When you finish this section, you should be able to:

  1. Convert rectangular coordinates to cylindrical coordinates (p. 950)
  2. Find a triple integral using cylindrical coordinates (p. 951)

We have seen that there are instances where it is easier to find a double integral using polar coordinates than to find it using rectangular coordinates. For triple integrals, we give two alternatives to integration in rectangular coordinates: One uses cylindrical coordinates and the other uses spherical coordinates (Section 14.8).

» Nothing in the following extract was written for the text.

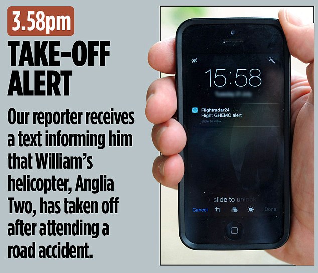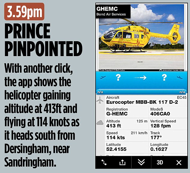 Ομάδα της Daily Mail την περασμένη εβδομάδα χρησιμοποίησε την εφαρμογή και παρακολούθησε τον πρίγκιπα Ουίλιαμ, καθώς πετούσε από το Βόρειο Νορφολκ προς μία σκηνή ατυχήματος.

1 Convert Rectangular Coordinates to Cylindrical Coordinates

Figure 51

If the rectangular coordinates of a point \(P\) in three-dimensional space are \((x, y, z)\) and if \((r,\theta, 0) \) are the polar coordinates for the projection of \(P\) onto the \(xy\)-plane, then the point \(P\) can be located by the ordered triple \((r,\theta ,z),\) called the cylindrical coordinates of the point \(P\).

Figure 51 shows how to graph a point \(P=(r,\theta ,z) \). The algebraic relationship between the cylindrical coordinates \((r,\theta ,z)\) and the rectangular coordinates \((x, y, z)\) of a point \(P\) is given by the formulas \[\bbox[5px, border:1px solid black, #F9F7ED] { \begin{array}{lll} x=r\cos \theta \qquad y=r\sin \theta \qquad z=z \end{array} } \]

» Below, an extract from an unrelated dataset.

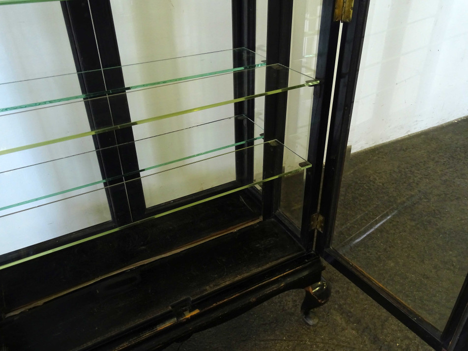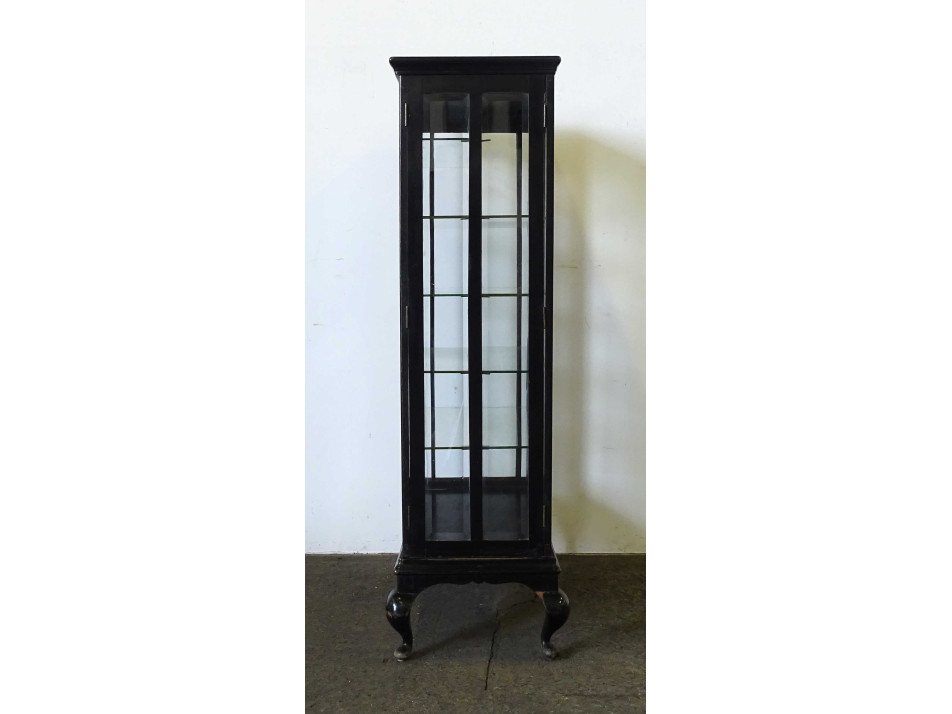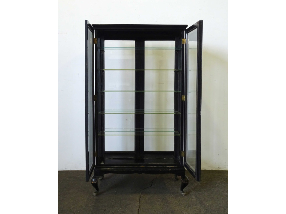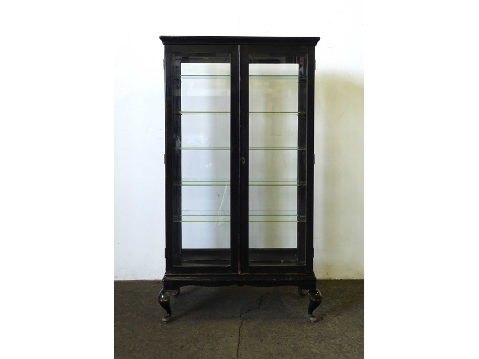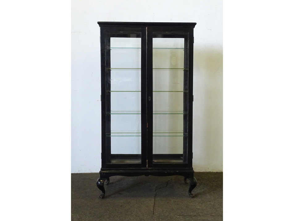 Antik, üvegajtós, üvegpolcos, mindkét oldalról nyitható, fekete színű gyógyszertári vitrin, patika bútor. Ajtajaiban és oldalsó üvegeiben metszett üvegtáblák találhatók. Az egyik üvegpolca hiányzik, de ez könnyen pótolható.

Converting Between Cylindrical Coordinates and Rectangular Coordinates

  1. Find the rectangular coordinates of a point \(P\) whose cylindrical coordinates are \(\left( 6,\dfrac{\pi }{3},-2\right) \).
  2. Find the cylindrical coordinates of a point \(P\) whose rectangular coordinates are (\(\sqrt{3},1, 5\)).

Solution(a) We use the equations \(x=r\cos \theta \) and \(y=r\sin \theta \) with \(r=6\) and \(\theta =\dfrac{\pi }{3}.\) Then \begin{equation*} x=6\cos \dfrac{\pi }{3}=3 \qquad y=6\sin \dfrac{\pi }{3}=3\sqrt{3} \qquad z=-2 \end{equation*}

In rectangular coordinates, \(P=( 3, 3\sqrt{3},-2)\).

(b) In cylindrical coordinates \(r=\sqrt{x^2+y^2} =\sqrt{3+1}=2\). Then \(\cos\theta=\dfrac{x}{r} =\dfrac{\sqrt{3}}{2}\) and \(\sin \theta=\dfrac{y}{r}=\dfrac{1}{2}\) so \(\theta=\dfrac{\pi}{6}\). Since \(z\) remains the same, the point \(P\) in cylindrical coordinates is \((r,\theta,z) = \left(2,\dfrac{\pi}{6},5\right)\).

NOW WORK

Problems 5 and 13.

NOTE

The numbers \(r, \theta\), and \(z\) are called cylindrical coordinates because if \(r\) is a constant, then the surface traced out by the set of points \((r,\theta ,z)\) is a cylinder.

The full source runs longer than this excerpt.